The capstan was located on the deck between the mainmast and mizzenmast, the empty sockets of the drumhead like the gaps in a mouth lacking half its teeth. They looked down through the dirty windows of the skylight. No glimmer of light was visible in the gun room below. A belaying pin lay on the deck. Aft of the mizzenmast, the spokes of the double-wheeled helm protruded like skeletal fingers, the twelve-foot tiller a bone stripped of flesh.
They moved to the gunwales, Adams to port and Robinson to starboard, and walked forward to the bow. Shadowing Adams, Billings averted his eyes from the coats and trousers dangling from the hoary ratlines like the corpses of hanged criminals. Robinson knelt and wiped away dirt and ice from the small round windows in the deck timbers. The cabins below were dark.
Adams stopped and pointed. “Mister Robinson.”
The main hatchway was open.
The two men went to the hatchway and looked down. Nothing was visible in the blackness below. Robinson knelt by the hatchway and placed his face in the opening.
“Hallo!”
The murk below swallowed his voice. Both men cocked their heads and listened. Silence. The hairs on Robinson’s forearms rose. He swung his legs out over the hatchway and descended the companion ladder. The rungs were slippery in his hands, and he paused on each crosspiece so as not to fall. Adams climbed down the ladder after him. Billings knelt at the hatchway and looked down but made no move to follow them.
At the bottom of the ladder, the sound of the wind was far away above Robinson’s head. He and Adams stood listening, allowing their eyes to adjust to the gloom. Light fell in a shaft from the main hatch. No candles or lamps. The odour of mildew and woodsmoke. Behind them a timber creaked.
Robinson turned.
A tall figure stood before them at the edge of the shaft of light, a resurrected cadaver stepping from a tomb. Motes of dust swirled around him. His face was gaunt and drawn, the whites of his red-rimmed eyes bright against the grimy, wrinkled skin. His hair was ragged and filthy, his beard a tangled nest of brown and grey below sharp cheekbones. He wore a stained sweater beneath a long coat hanging loosely from his shoulders. Robinson winced at the stench of excrement.
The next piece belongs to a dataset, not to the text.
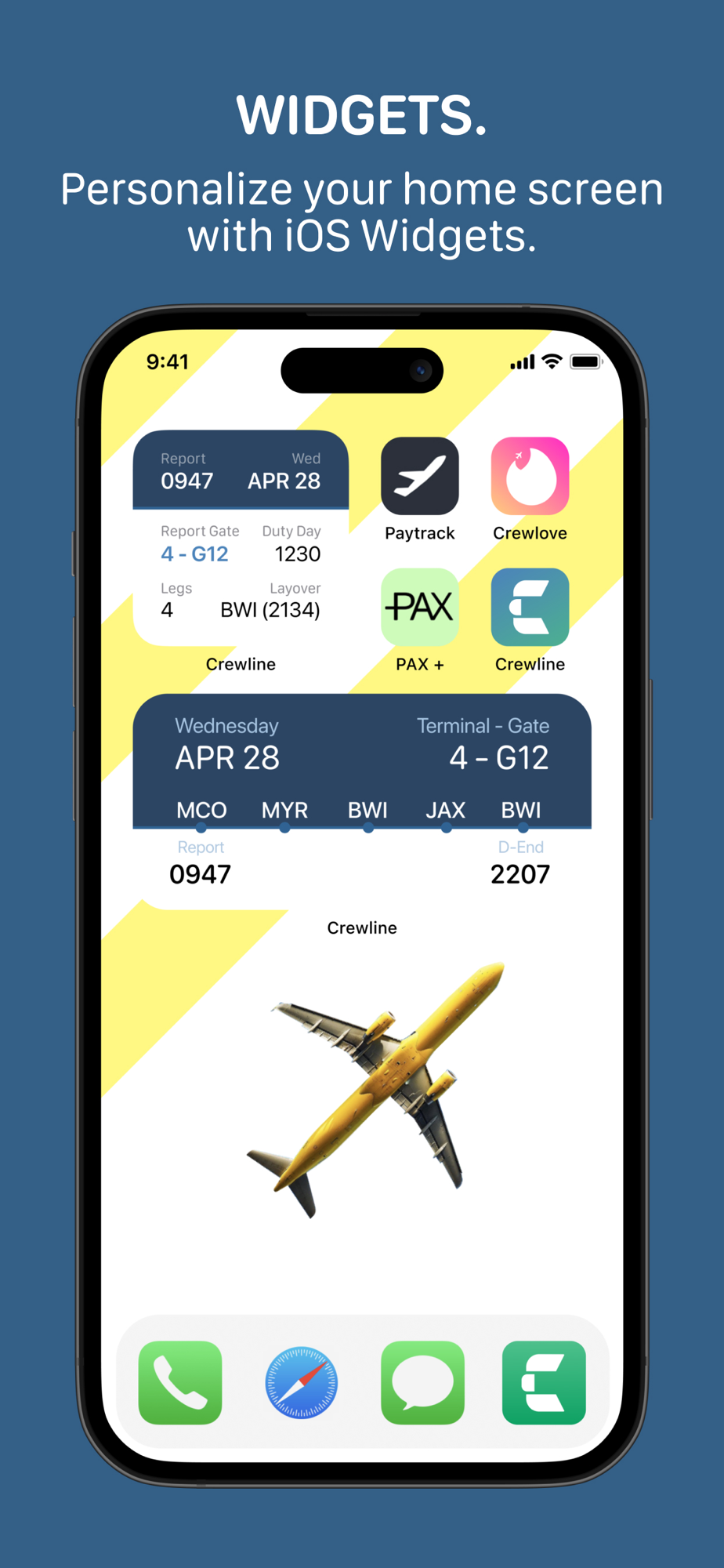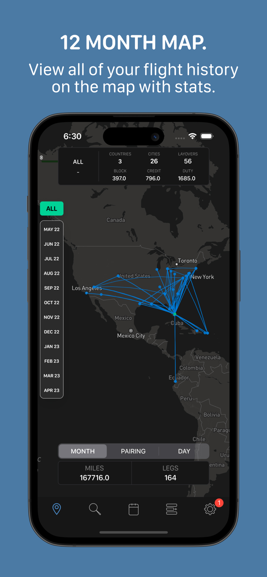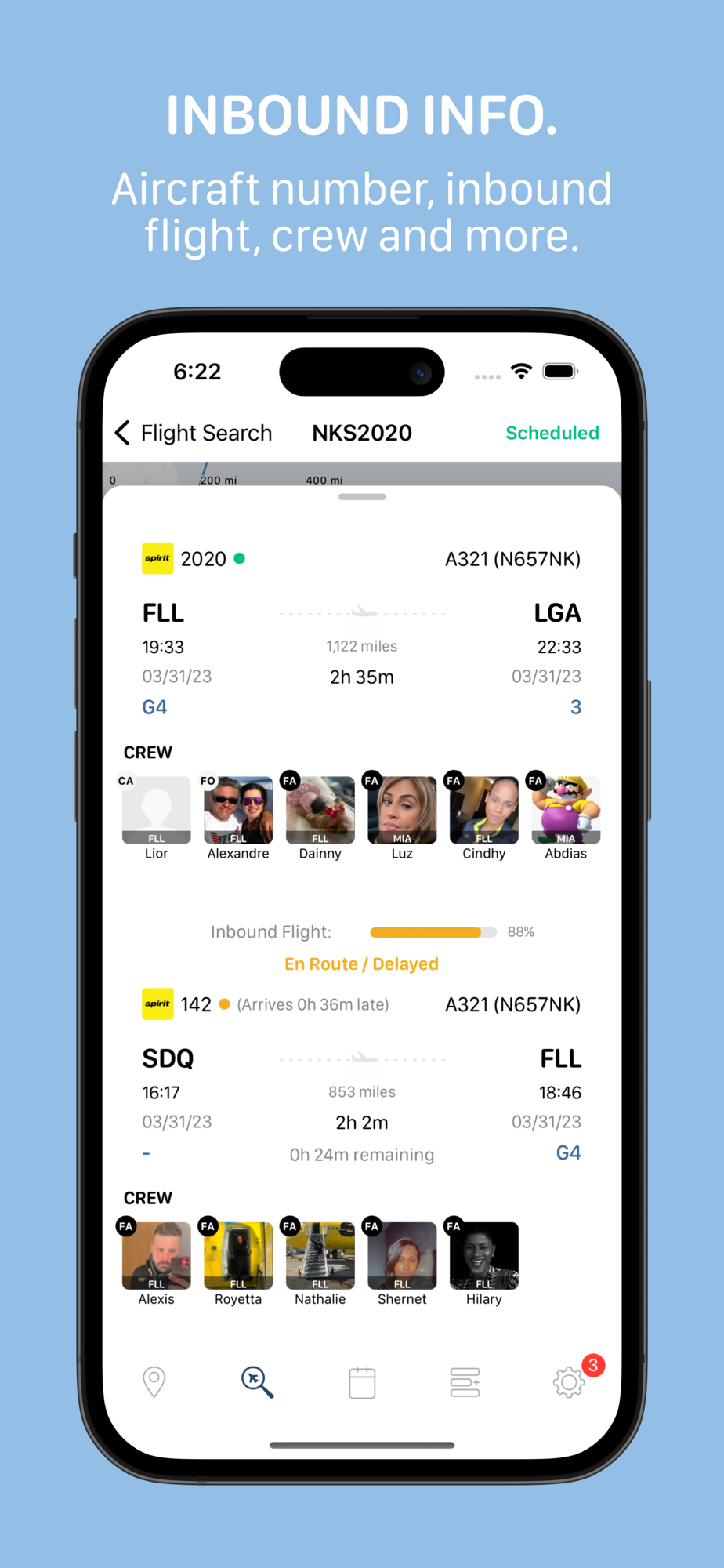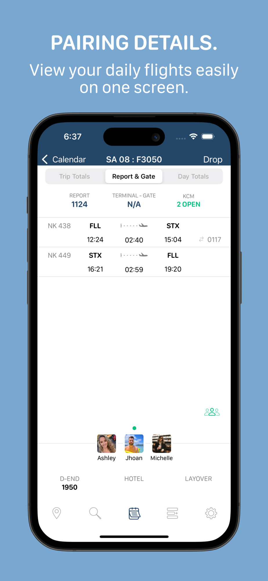 When you start your pairing, you will be presented with flight status information as well as the gate which you should report to. You’ll also notice a flight status indicator ( green = on time, yellow = delayed, red = canceled ) right next to each flight for the day.

The man’s mouth hung open. He stared with wide eyes, his lips trembling. He held out both his hands, groping like a blind man. Robinson was dazed, speechless, shivering with disgust as the man’s fingertips caressed his beard.
When the man’s voice came, it was something old and unused, a faint rasp like fingernails across sandpaper.
“Are you here?” he whispered. “Are you real?”
The man gripped Robinson’s hand and ran the other hand up to his shoulder, squeezing it. His touch was as light as a bird’s. A tear described his ravaged cheek.
Finally, Robinson could speak. “We are here,” he said. “Lieutenant Robinson and Assistant Surgeon Adams from HMS Investigator . Captain Bird is at Port Leopold.”
The man’s eyes rolled up, and his knees buckled. Robinson caught him before he fell. Despite the man’s height, his body was like a child’s.